I chose to make a right turn fairly late in my life, and go from a quarter century or so of computer programming to a new profession, psychological counseling.  The change required that I get at least a master's degree, which at my age is probably as far as I will go.

What made me decide to make such a change?  Well, some of the events in my own life, which are largely detailed elsewhere in this blog, gave me some experience with psychology, from the user's perspective, you could say.  Verbal abuse, depression and suicidality, and a drawn-out divorce made me aware that there had to be more to life than programming.  And, coming to the site during that period, I learned a bit about helping and being helped.  Programming isn't much of a legacy compared to that.

The path to the degree has been long:  four years and counting.  The subjects taught were not clear-cut like the ones in my biology undergrad schooling.  The classes had varying amounts of "experiential" learning, which seems to have meant that we taught each other.  I have failed courses (before this one), something that isn't like me.  I put off applying to the practicum several times, tiding myself over with an elective course so that my student loans wouldn't come due.

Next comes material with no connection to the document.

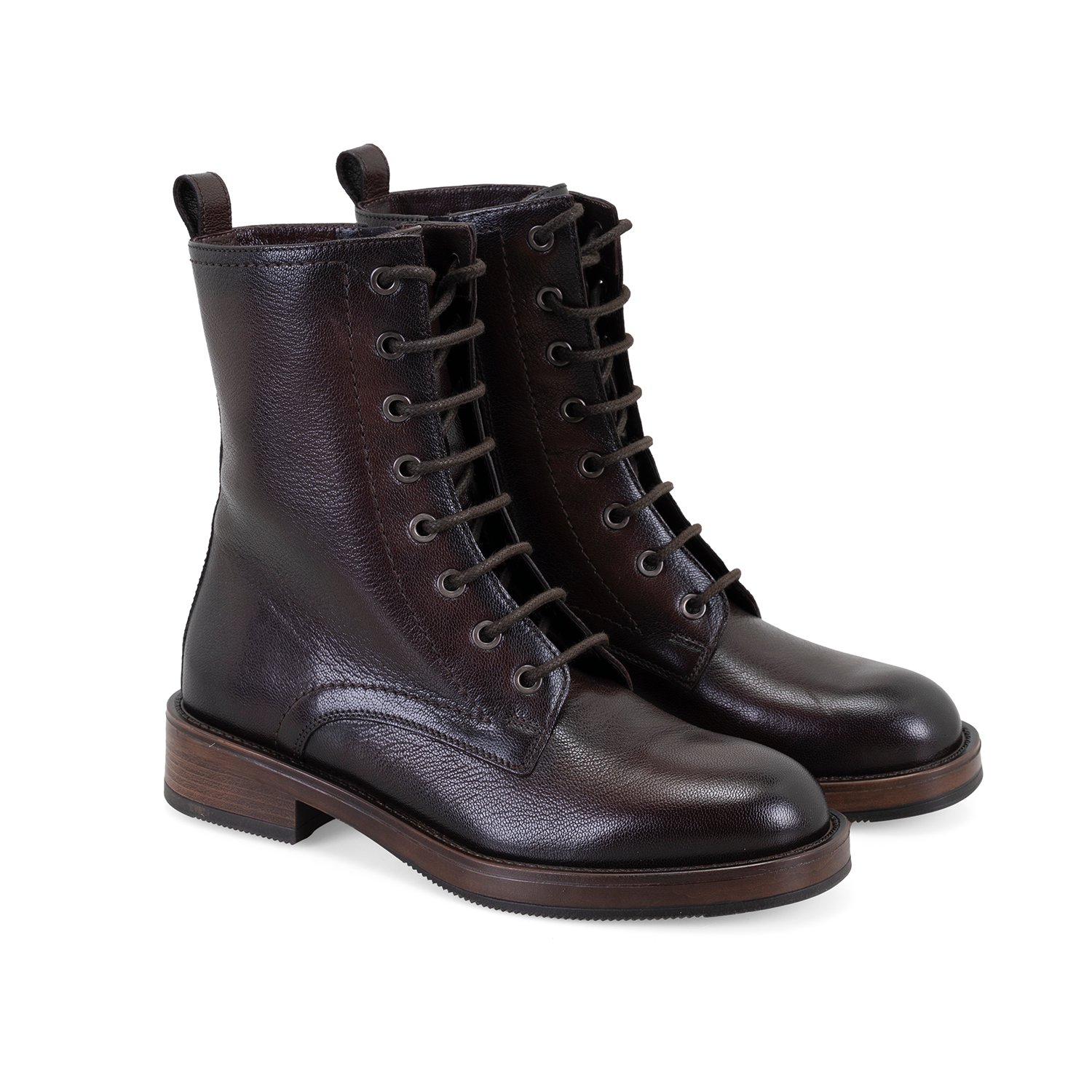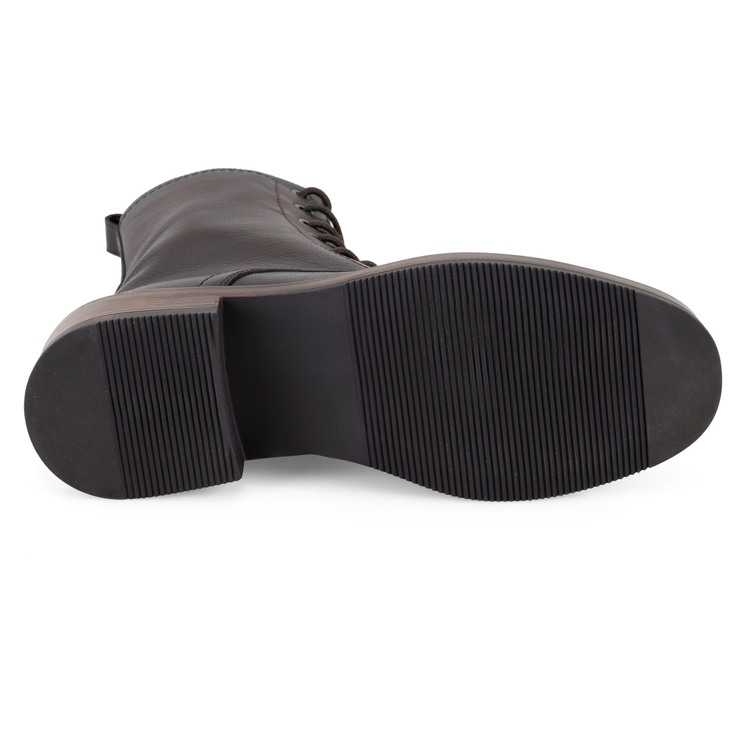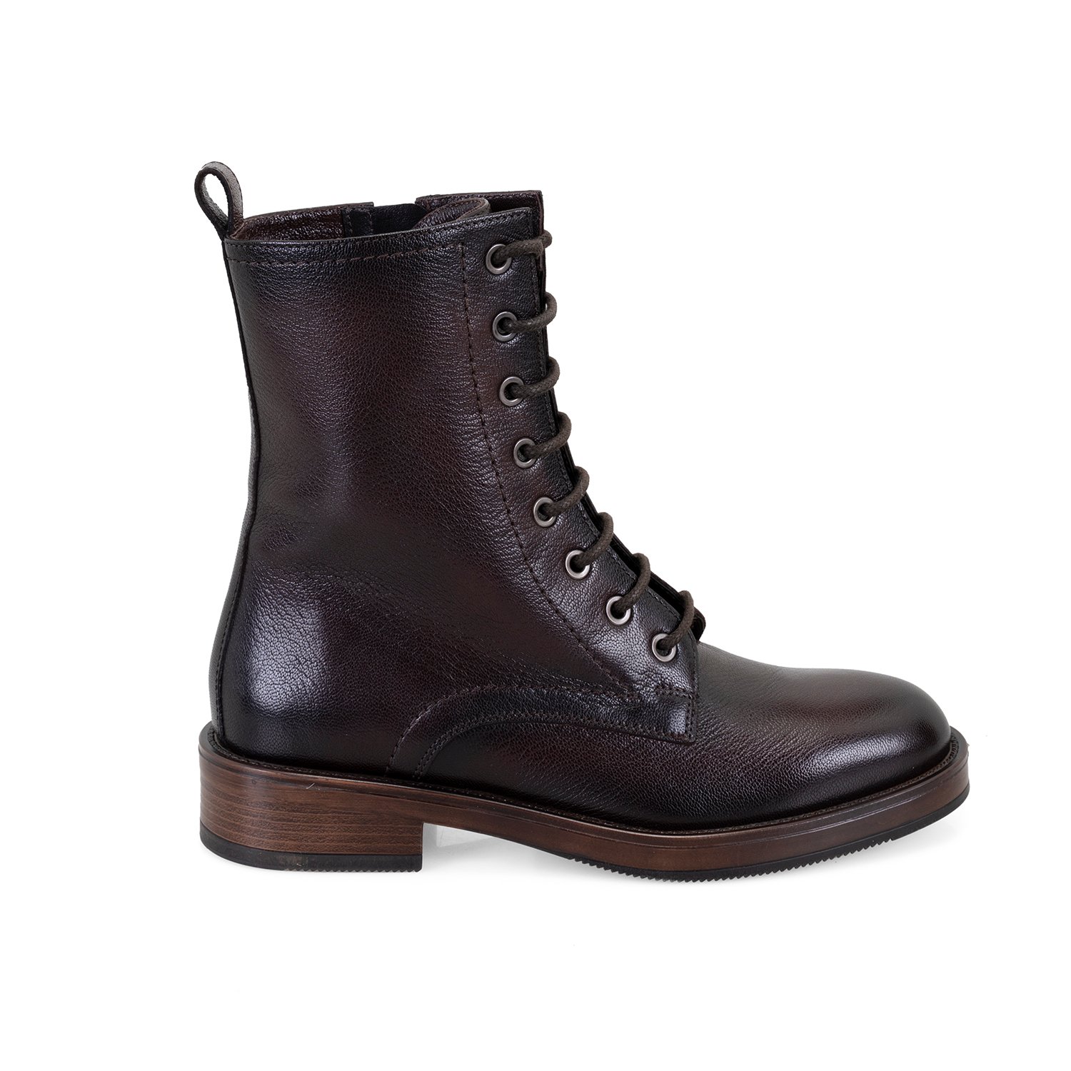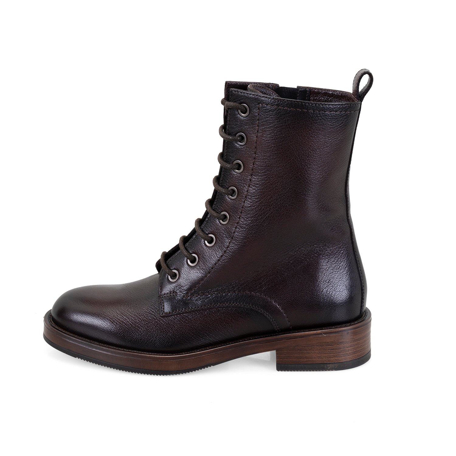 İçten fermuar detayı sayesinde giyip çıkarması kolay olan bu postal, aynı zamanda bağcıklarıyla klasik bir tarz ve ayarlanabilirlik sunar.

Clearly, then, I have shown some resistance to finishing the program.  Now it will take at least another year to graduate, and then I have to get licensed.  Anxiety accounts for some of the resistance, at least.  The fact that, even when I'm licensed, I will have to be supervised throughout my career is another burden that slows me down.  The profession also won't be as lucrative as if I had continued programming, and hey, who doesn't like money?  My advisor, even before I was admitted into the program, remarked that I didn't have the same kind of enthusiasm that other students had coming in, mostly just having graduated with psychology degrees.  I pointed out, essentially, that I was twice their age and so could be expected to be roughly half as naive, I mean optimistic.  I used better words, because he let me in, but I haven't become less cynical.

Interestingly, I chose counseling as the way to help because I had experience with (receiving) it over most of my life, and I assumed that was how people get helped.  I only realized, this last semester during one of my supervision sessions, that counseling was not, in fact, what helped me through the worst of my own time.  It was this site!  (The people really.)  That startling idea has at least opened my mind to consider other helping options, even if I finish the counseling degree.

It probably plays no small part in my reasons for coming back.